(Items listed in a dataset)
* * * * * * * * *

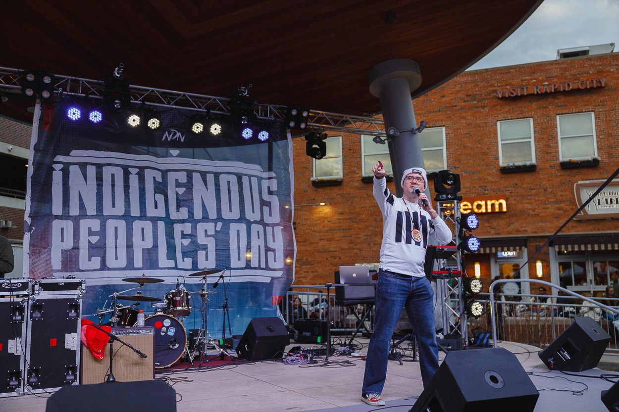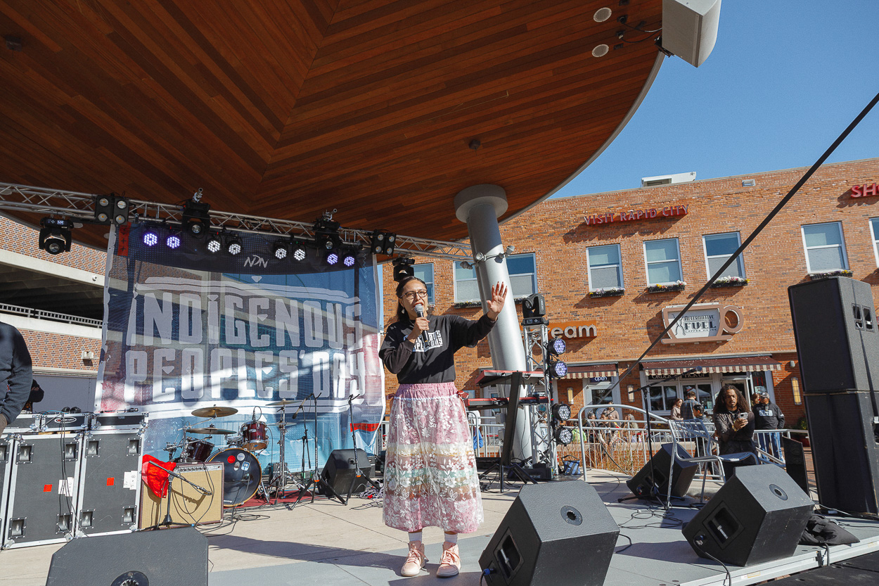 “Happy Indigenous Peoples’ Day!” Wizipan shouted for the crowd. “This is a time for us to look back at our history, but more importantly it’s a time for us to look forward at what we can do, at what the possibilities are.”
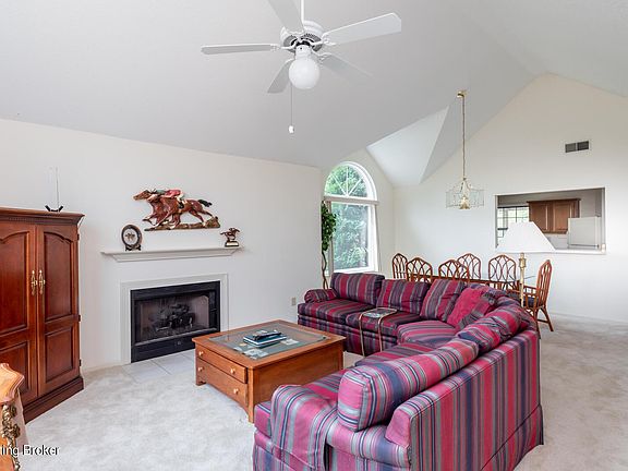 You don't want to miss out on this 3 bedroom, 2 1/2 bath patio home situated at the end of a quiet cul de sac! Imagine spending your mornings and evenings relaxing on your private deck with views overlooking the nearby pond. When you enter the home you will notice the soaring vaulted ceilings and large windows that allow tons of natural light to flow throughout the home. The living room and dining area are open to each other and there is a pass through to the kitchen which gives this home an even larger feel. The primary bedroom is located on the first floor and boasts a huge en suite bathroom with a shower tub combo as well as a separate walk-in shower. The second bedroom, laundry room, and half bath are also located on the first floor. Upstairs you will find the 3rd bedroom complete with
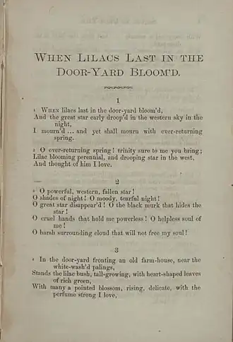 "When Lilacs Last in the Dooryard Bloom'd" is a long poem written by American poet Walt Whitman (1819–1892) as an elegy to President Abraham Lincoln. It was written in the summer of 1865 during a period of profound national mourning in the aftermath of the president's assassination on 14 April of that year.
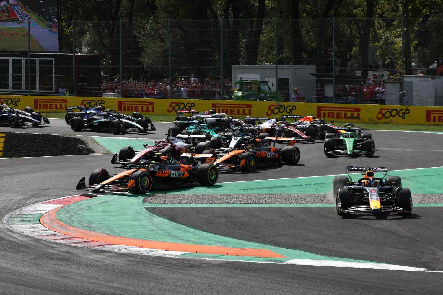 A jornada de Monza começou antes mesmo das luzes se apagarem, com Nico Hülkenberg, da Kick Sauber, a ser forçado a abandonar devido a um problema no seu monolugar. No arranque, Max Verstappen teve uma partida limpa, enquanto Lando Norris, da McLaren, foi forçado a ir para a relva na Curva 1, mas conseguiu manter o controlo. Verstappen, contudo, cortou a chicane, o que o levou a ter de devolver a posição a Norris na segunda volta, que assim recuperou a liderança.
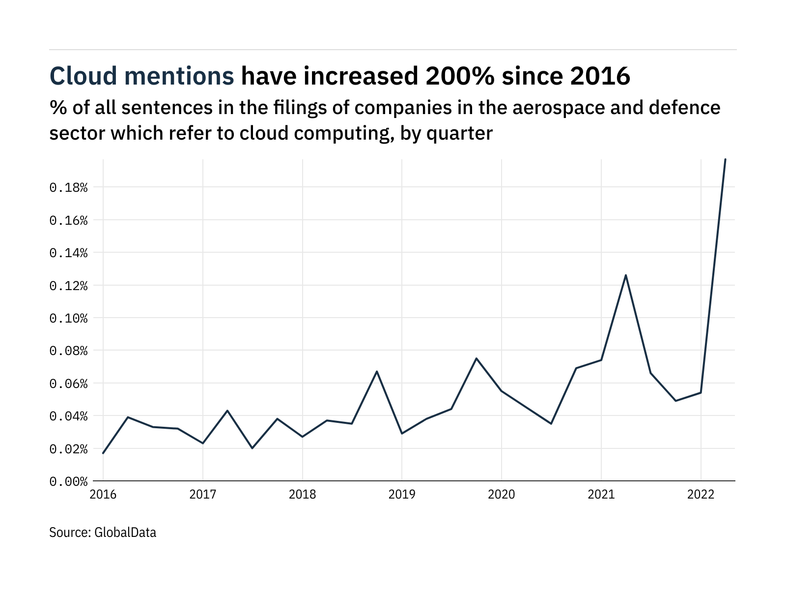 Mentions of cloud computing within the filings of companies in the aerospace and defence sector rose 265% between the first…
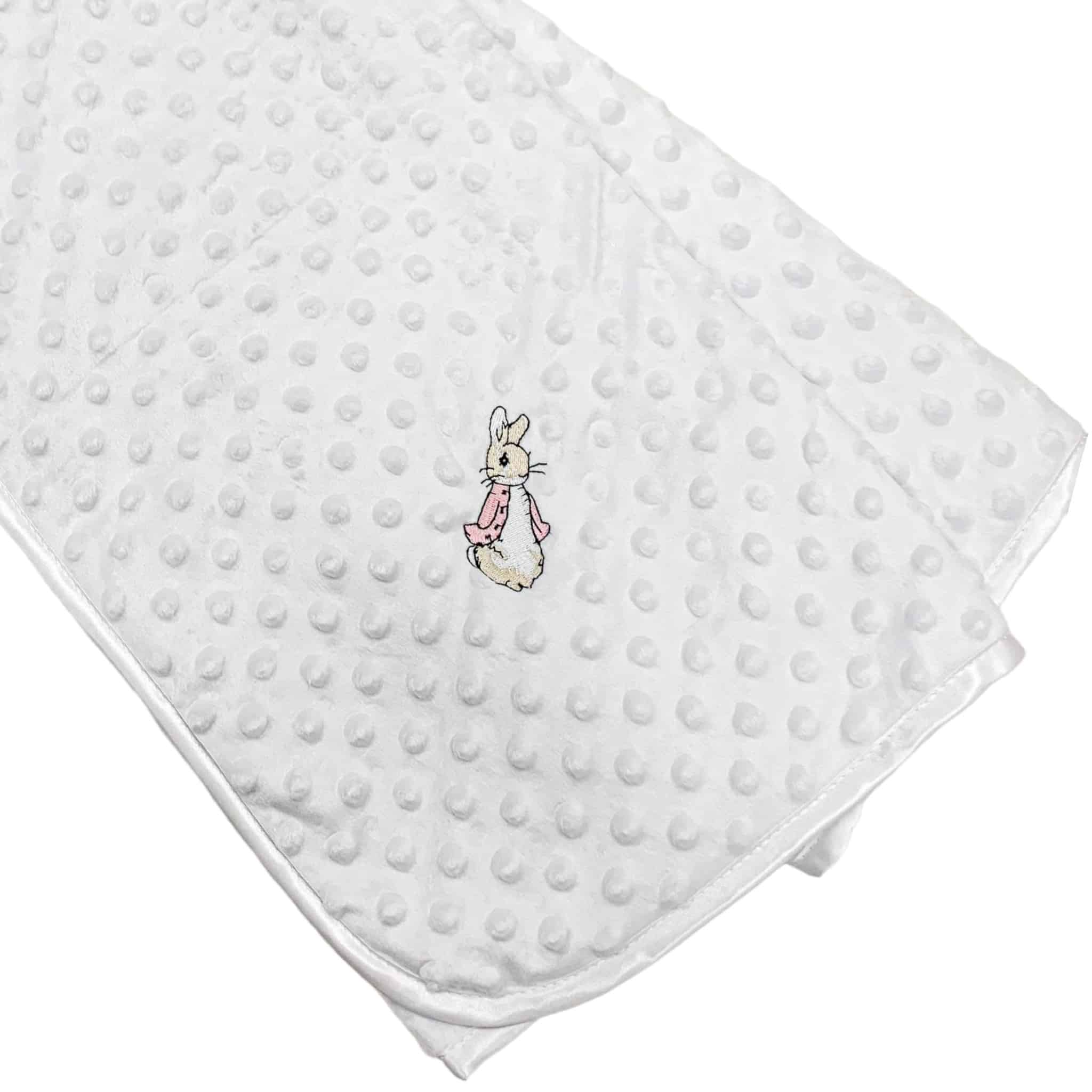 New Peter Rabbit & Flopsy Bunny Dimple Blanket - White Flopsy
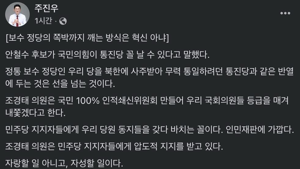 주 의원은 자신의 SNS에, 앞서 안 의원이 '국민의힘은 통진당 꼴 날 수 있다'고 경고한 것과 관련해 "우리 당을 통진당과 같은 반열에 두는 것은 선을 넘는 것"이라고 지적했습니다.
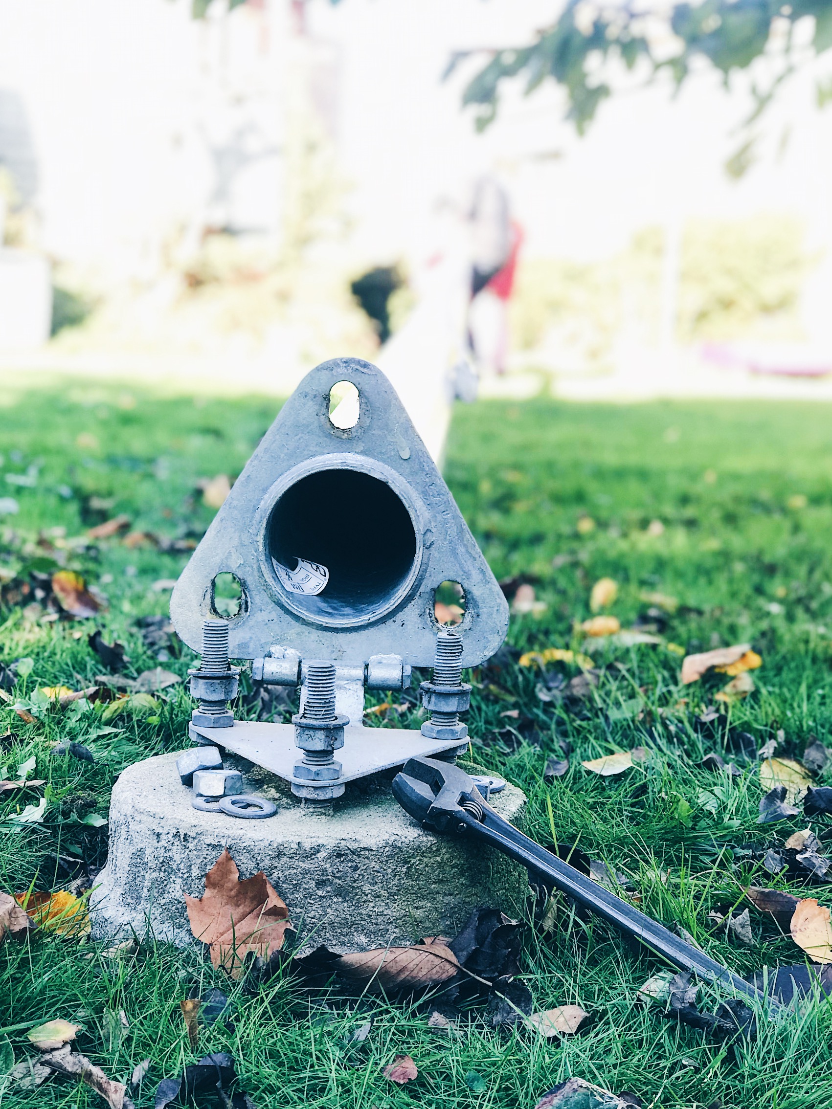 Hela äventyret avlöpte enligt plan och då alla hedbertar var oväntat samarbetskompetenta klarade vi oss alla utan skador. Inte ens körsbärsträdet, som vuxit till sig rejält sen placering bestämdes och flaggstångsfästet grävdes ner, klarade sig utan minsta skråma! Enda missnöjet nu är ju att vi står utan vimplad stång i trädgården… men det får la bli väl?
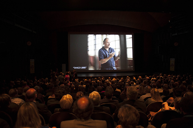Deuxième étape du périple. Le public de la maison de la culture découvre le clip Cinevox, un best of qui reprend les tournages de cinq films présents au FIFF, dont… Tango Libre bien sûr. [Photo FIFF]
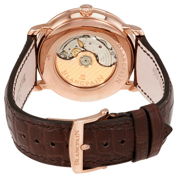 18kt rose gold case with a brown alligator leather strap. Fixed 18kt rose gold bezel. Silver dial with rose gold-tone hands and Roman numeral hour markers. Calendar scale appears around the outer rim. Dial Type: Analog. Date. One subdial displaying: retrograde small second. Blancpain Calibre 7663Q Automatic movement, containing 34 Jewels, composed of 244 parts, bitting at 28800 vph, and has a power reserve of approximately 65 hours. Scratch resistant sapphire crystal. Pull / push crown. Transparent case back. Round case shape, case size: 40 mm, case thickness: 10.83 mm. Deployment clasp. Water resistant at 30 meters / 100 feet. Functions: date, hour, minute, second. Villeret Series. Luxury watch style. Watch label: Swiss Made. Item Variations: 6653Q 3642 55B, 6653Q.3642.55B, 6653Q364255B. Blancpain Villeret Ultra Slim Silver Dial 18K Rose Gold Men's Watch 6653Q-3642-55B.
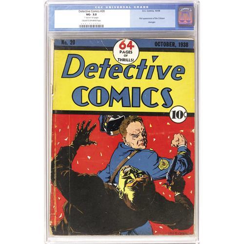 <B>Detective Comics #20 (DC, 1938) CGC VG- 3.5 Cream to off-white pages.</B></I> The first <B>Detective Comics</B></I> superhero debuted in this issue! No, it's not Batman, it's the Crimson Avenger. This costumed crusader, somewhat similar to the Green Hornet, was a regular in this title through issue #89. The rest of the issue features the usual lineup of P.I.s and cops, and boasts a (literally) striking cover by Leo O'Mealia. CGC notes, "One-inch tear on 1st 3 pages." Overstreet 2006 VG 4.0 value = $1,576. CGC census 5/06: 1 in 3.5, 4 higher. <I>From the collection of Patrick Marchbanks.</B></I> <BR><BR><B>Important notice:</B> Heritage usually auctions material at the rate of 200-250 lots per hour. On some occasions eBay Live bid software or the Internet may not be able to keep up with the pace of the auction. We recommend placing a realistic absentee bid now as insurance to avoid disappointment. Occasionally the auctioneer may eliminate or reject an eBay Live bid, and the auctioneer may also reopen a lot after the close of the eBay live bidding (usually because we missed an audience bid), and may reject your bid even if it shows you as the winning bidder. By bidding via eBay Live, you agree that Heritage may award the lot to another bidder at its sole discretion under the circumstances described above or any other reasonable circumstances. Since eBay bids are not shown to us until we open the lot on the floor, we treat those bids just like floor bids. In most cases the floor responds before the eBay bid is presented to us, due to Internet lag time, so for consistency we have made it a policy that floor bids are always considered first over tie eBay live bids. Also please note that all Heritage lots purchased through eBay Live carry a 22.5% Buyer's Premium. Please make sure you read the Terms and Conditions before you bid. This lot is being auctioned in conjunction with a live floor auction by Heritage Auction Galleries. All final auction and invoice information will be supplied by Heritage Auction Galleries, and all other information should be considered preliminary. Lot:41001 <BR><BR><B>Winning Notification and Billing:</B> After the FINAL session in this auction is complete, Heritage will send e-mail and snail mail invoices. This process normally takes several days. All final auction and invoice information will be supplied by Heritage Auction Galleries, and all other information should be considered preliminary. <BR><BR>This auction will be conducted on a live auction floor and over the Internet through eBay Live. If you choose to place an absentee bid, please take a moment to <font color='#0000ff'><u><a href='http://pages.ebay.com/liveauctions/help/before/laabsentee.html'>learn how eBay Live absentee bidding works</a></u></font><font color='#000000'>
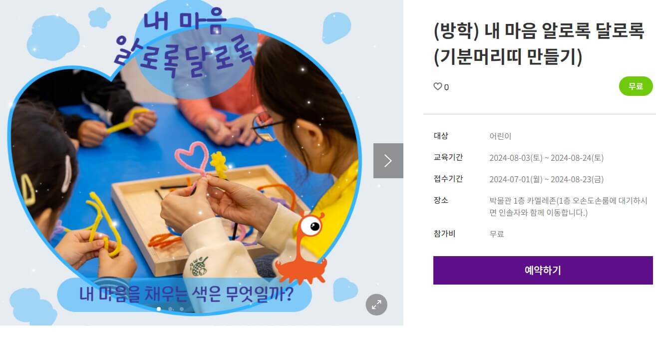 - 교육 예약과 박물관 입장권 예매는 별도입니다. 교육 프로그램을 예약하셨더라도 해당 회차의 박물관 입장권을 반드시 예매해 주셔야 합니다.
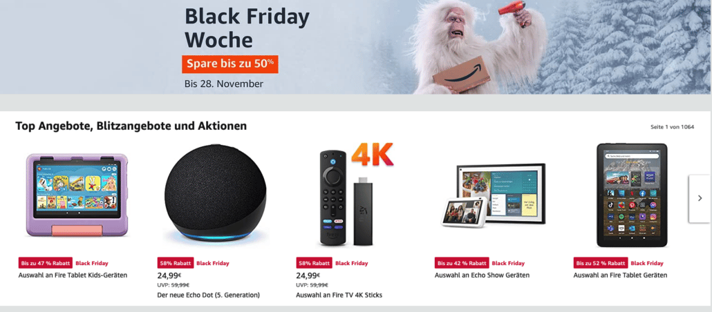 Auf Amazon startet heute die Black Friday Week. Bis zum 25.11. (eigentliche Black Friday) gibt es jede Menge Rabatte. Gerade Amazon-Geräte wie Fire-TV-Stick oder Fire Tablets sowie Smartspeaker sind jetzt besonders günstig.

* * * * * * * * *

▸ How to complete this task:
Using the records above, print exactly the lines between the ones containing "Hela äventyret avlöpte" and "Deuxième étape du", inclusive, and nothing else; no pictures.

▸ Response for this exercise:
 Hela äventyret avlöpte enligt plan och då alla hedbertar var oväntat samarbetskompetenta klarade vi oss alla utan skador. Inte ens körsbärsträdet, som vuxit till sig rejält sen placering bestämdes och flaggstångsfästet grävdes ner, klarade sig utan minsta skråma! Enda missnöjet nu är ju att vi står utan vimplad stång i trädgården… men det får la bli väl?
Deuxième étape du périple. Le public de la maison de la culture découvre le clip Cinevox, un best of qui reprend les tournages de cinq films présents au FIFF, dont… Tango Libre bien sûr. [Photo FIFF]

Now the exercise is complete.